ASSIGNED TASK: Keep every word of the listing and drop the images when you write it out.

____________

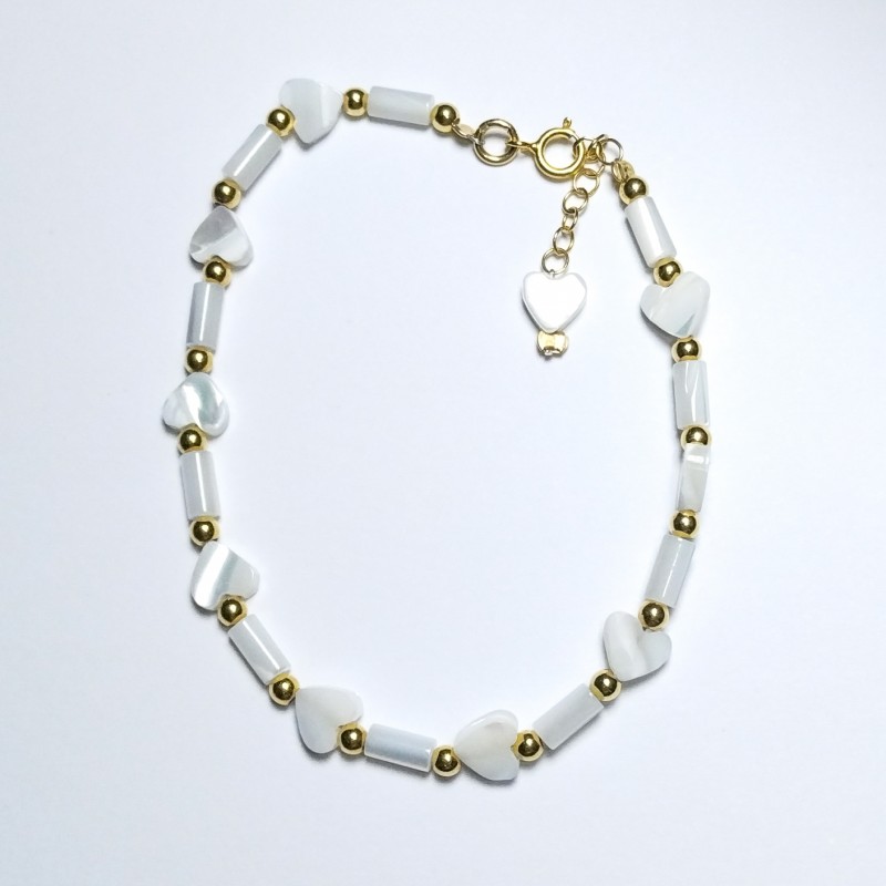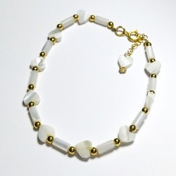 PULSEIRA COM CORAÇÃO MADRE PEROLA, TUBO E BOLA EM PRATA DOURADA
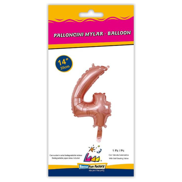 Pallone mylar numero 4 rosa gold mini 14''-35 cm con valvola
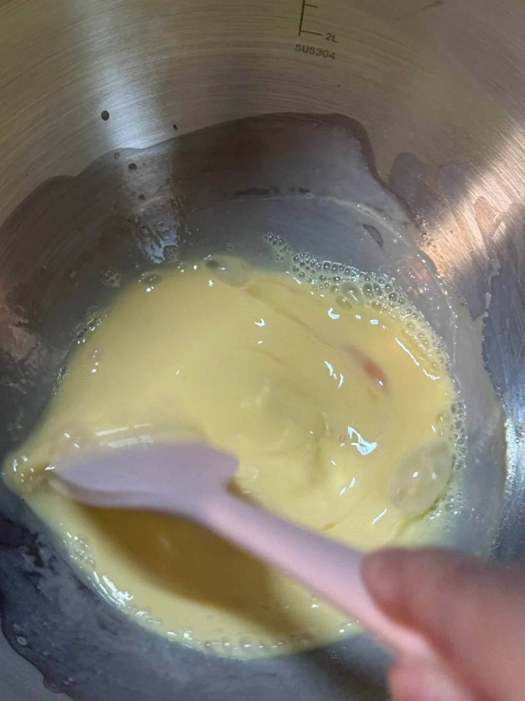 1.鸡蛋、纯牛奶、盐搅拌均匀(可以隔热水搅拌,能让麻薯发的更大一些)
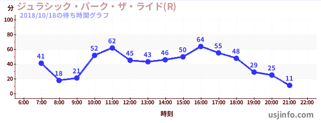 • ジュラシック・パーク・ザ・ライド(R)$B$N(B2018年10月18日の待ち時間
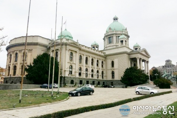 | 발칸의 고도이며 수륙교통의 요지인 베오그라드에 있는 세르비아 국회의사당 모습.(사진=강명구) |
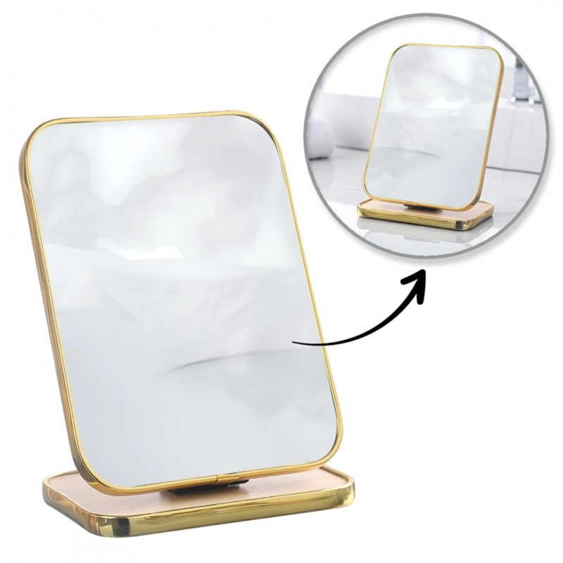 Álló kozmetikai fa tükör, téglalap alakú, arany keretben 15 x 20 cm L19
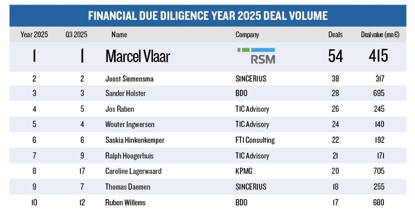 Kijkend naar het aantal transacties liet Marcel Vlaar (RSM) de concurrentie ruimschoots achter zich, met een opvallend resultaat van 54 afgeronde deals. Joost Siemensma (SINCERIUS) volgt met 38 transacties, terwijl Sander Holster (BDO) de top drie completeert met 28 afgeronde overnames.
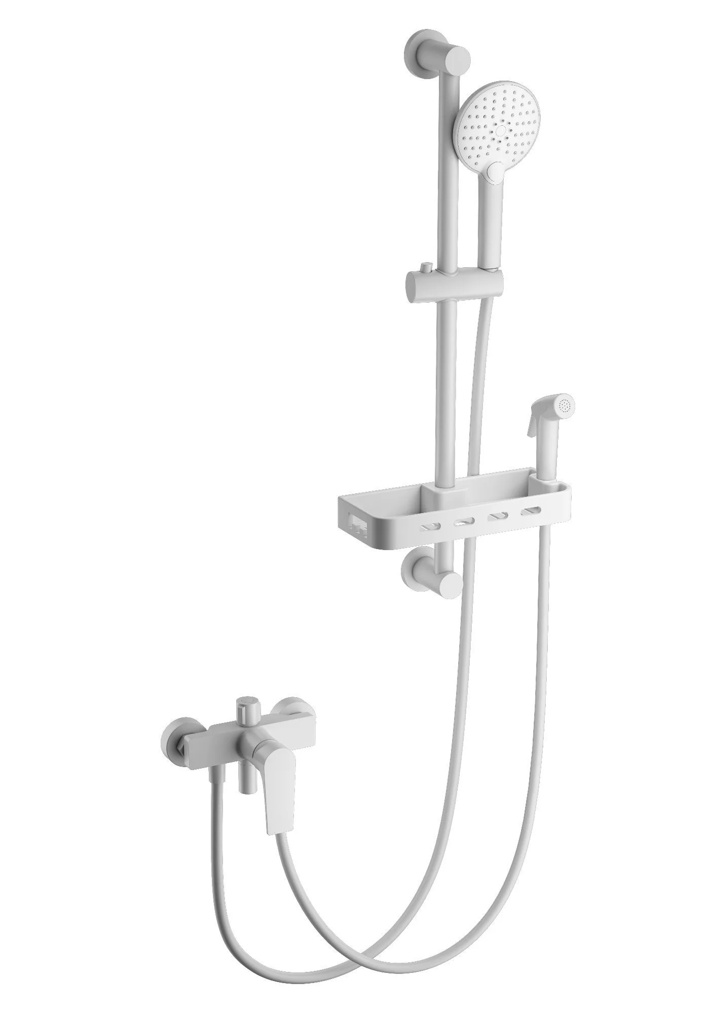 смеситель, душевой шланг/ держатель для душа, полка, душевая штанга, душевая лейка, эксцентрики, монтажный комплект

____________

ANSWER TO THE EXERCISE:
 PULSEIRA COM CORAÇÃO MADRE PEROLA, TUBO E BOLA EM PRATA DOURADA
 Pallone mylar numero 4 rosa gold mini 14''-35 cm con valvola
 1.鸡蛋、纯牛奶、盐搅拌均匀(可以隔热水搅拌,能让麻薯发的更大一些)
 • ジュラシック・パーク・ザ・ライド(R)$B$N(B2018年10月18日の待ち時間
 | 발칸의 고도이며 수륙교통의 요지인 베오그라드에 있는 세르비아 국회의사당 모습.(사진=강명구) |
 Álló kozmetikai fa tükör, téglalap alakú, arany keretben 15 x 20 cm L19
 Kijkend naar het aantal transacties liet Marcel Vlaar (RSM) de concurrentie ruimschoots achter zich, met een opvallend resultaat van 54 afgeronde deals. Joost Siemensma (SINCERIUS) volgt met 38 transacties, terwijl Sander Holster (BDO) de top drie completeert met 28 afgeronde overnames.
 смеситель, душевой шланг/ держатель для душа, полка, душевая штанга, душевая лейка, эксцентрики, монтажный комплект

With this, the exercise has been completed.